Sometimes It's the Little Things

In my university class, the professor has said more than once, "95% of the problems you have were created by you." And I know that's true.

I've been struggling with classroom management. In fact, I've been struggling with just keeping the noise level at decent decibels. (Less than the sound of an industrial manufacturing plant would be nice.) My principal tells me that classroom management and pacing of teaching are the two things that most new teachers struggle with. And I have been. I know that the things I did at the beginning of the year (and since then) have contributed to the issue. I've "taught" them to do this and I'm working on adjusting it.

In the past couple of weeks, I attended training related to classroom management and made some adjustments. Because my class is full of talkers (and the things I've been doing have apparently been contributing to that), I'm working on them to raise their hands before speaking. That way we can have a reasonable discussion without 17 voices speaking at once. Calling out, repeatedly saying my name, talking over each other, walking up behind me to ask a question - all things we're working on to make our classroom work a little better, to get things in better shape.

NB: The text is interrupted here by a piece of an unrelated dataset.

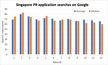 Using Google search trends of “Singapore PR applications” and “Singapore citizenship applications” as a proxy for lagged submissions we can make some judgements on when best to submit your application. Before continuing, we would like to note that we have made the assumption that final submissions will on average happen 1 month after the search of these keywords are done as people will still need to collate the appropriate documents before submitting to the ICA.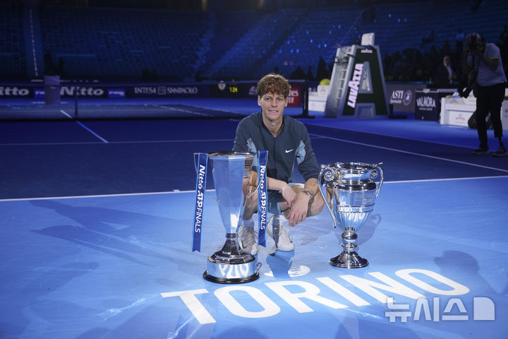 [토리노=AP/뉴시스] 얀니크 신네르(1위·이탈리아)가 17일(현지시각) 이탈리아 토리노에서 열린 남자프로테니스(ATP) 투어 파이널스 단식 정상에 올라 우승컵과 세계 1위 트로피를 놓고 기념 촬영하고 있다. 신네르는 결승에서 테일러 프리츠(5위·미국)를 2-0(6-4 6-4)으로 완파하고 이탈리아 출신으로는 처음으로 이 대회 우승을 차지했다. 2024.11.18.

This past week was rough. Probably the roughest I've had since August. I felt my patience worn completely through. I did use a loud voice a few times. I was exhausted and felt a little defeated by Friday. 

And then...Friday afternoon as we were having a discussion, a tiny glimmer. One of my very social and vocal girls started to speak, stopped herself, and raised her hand. I called her name and she made a comment. Then she said, "Mr. Wiley, I started to call out. But then I stopped and raised my hand."

I smiled. "I saw that," I told her. "Thank you."

Sometimes it's the little things that give you hope. Maybe things can be different. 

1 comment:

  1. A tiny tip here, for when you are all working and you want to keep the general noise level down to a dull roar! Music. Have something that keeps to a fairly even noise level and have it playing at a level that means that if everyone talks and doesn't shout it can still just be heard. Weirdly I find Coldplay does the trick! Ask the kids to make sure they can hear the music in the background and their voice will be the right level. It works for us during the work time and lunch time.